ファージに由来する再構成可能なエフェクターが放線菌の収縮性ナノマシンに付随し、細菌間競争への応答を調節する

論文タイトル
A phage-derived reconfigurable effector associated with an actinobacterial contractile nanomachine tailors bacterial responses to competition
論文タイトル(訳)
ファージに由来する再構成可能なエフェクターが放線菌の収縮性ナノマシンに付随し、細菌間競争への応答を調節する
DOI
10.1128/jb.00532-25
ジャーナル名
Journal of Bacteriology
巻号
Journal of Bacteriology Ahead of Print
著者名(敬称略)
永久保 利紀 他
所属
筑波大学 生命環境学群 生命地球科学研究群 生命環境系/高等研究院/MiCS
ライデン大学 客員研究員
著者からのひと言
この論文では、何らかのきっかけで細菌のゲノムに残された「ウイルスの残骸」がその細菌の役に立っていることを示しています。
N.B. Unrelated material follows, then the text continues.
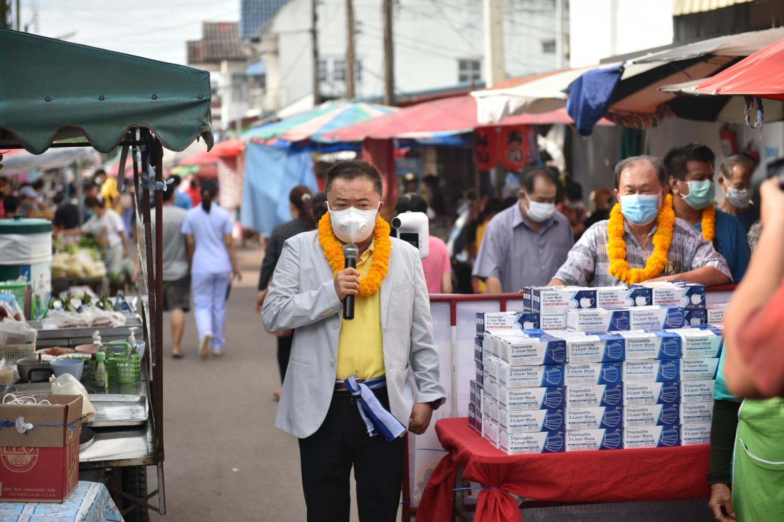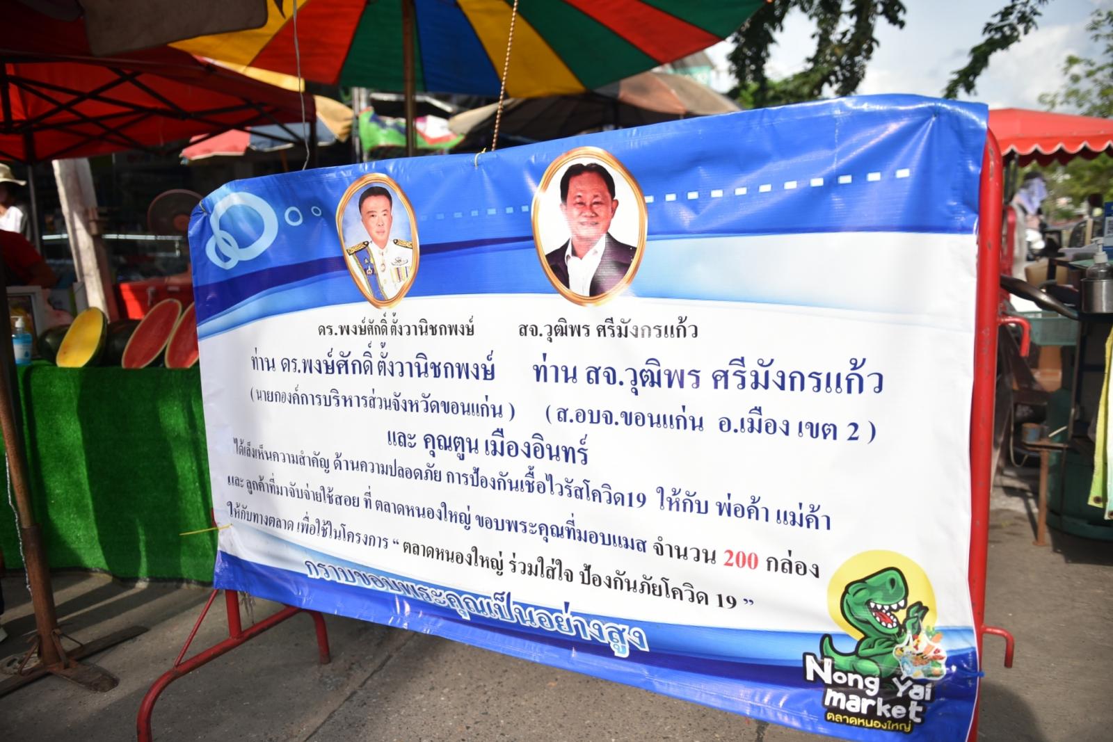 วันที่ 16 กรกฎาคม 2564 เวลา 16.00 น. ดร.พงษ์ศักดิ์ ตั้งวานิชกพงษ์ นายกองค์การบริหารส่วนจังหวัดขอนแก่น พร้อมด้วย นายวุฒิพร ศรีมังกรแก้ว ส.อบจ.ขอนแก่น อ.เมือง เขต 2 มอบหน้ากากอนามัย เพื่อป้องกันการแพร่ระบาดของโรคติดเชื้อไวรัสโควิด-19 จำนวน 200 กล่อง เพื่อใช้ในโครงการ "ตลาดหนองใหญ่ ร่วมใส่ใจ ป้องกันภัยโควิด-19 " ให้แก่ พ่อค้า แม่ค้า และประชาชนที่มาจับจ่ายใช้สอย ณ ตลาดหนองใหญ่ อ.เมืองขอนแก่น จ.ขอนแก่น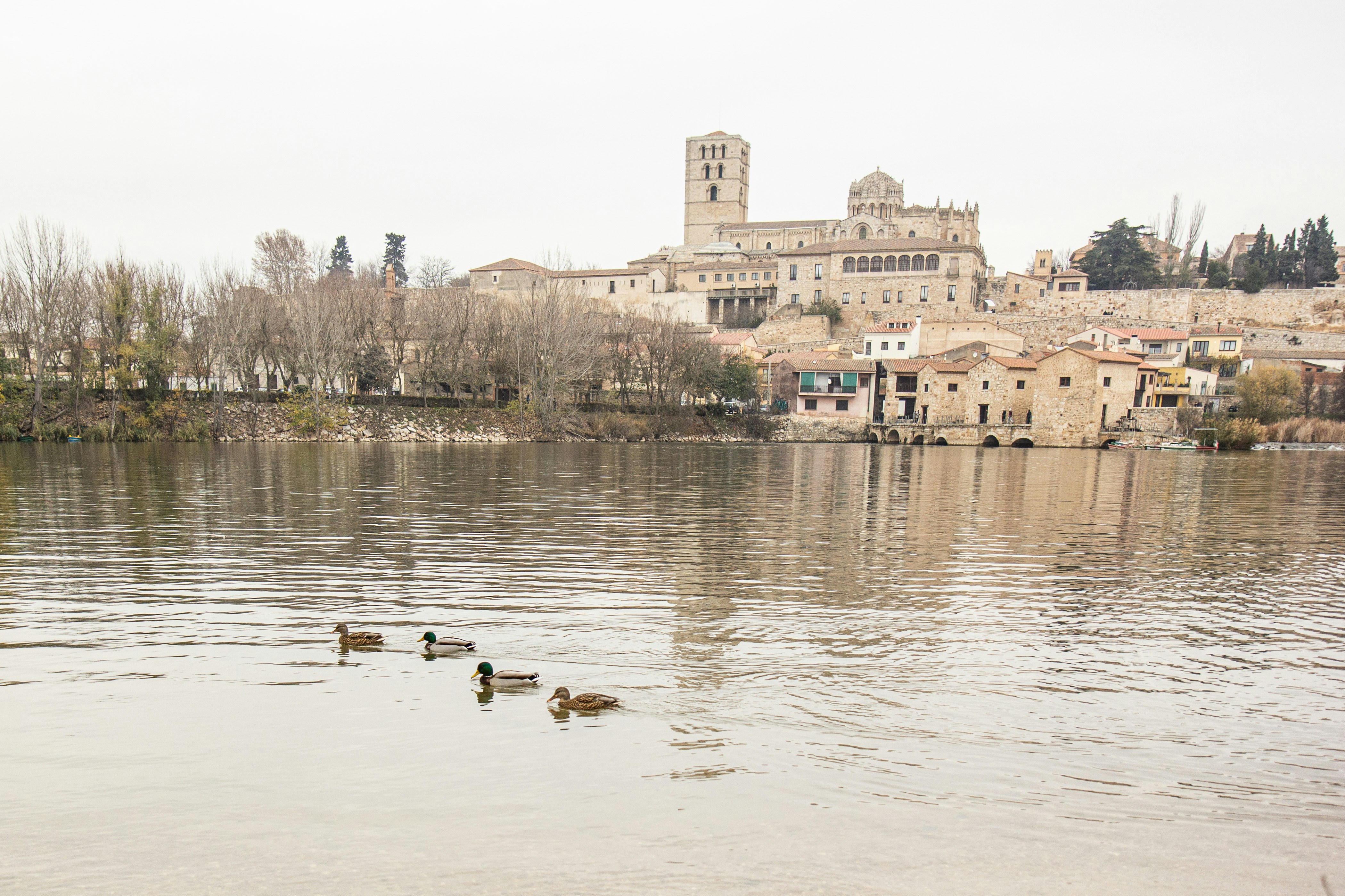 a group of ducks swimming in a lake with a building in the background

「ウイルスの残骸」はその機能を容易に改変可能なタンパク質のモジュール構造に落とし込み、細菌が外部から受ける選択圧への柔軟な対応を可能にすることで、自らを保持する細菌の繁栄に貢献しその存在を維持している可能性があります。その機能中枢が、ウイルスの感染機構に由来していると思われる点も注目されます。

抄訳

収縮性注入機構(CISs)は、ファージ尾部から派生したナノマシンであり、細菌を中心とした原核生物に広く分布している。CISsはエフェクターと呼ばれる特定のタンパク質を格納し、様々な生物学的プロセスを仲介するエフェクターを射出する。本研究では、ファージの感染機構の一部から派生した新規エフェクター群の発見について報告する。CISsが最も高度に保存されている細菌群である放線菌のモデル種Streptomyces lividansにおいて、細胞内CISの一種であるSLPのエフェクターSle1が同定された。Sle1はSLPに格納され、S. lividansの細胞膜関連プロテオーム画分の割合を増加させ、最終的に細菌間競争に対する本菌の適応を促す。Sle1ホモログは放線菌において広く分布している。以上の結果は、ファージの感染機構が細菌によって環境適応を補助する因子として取り込まれてきたことを示唆している。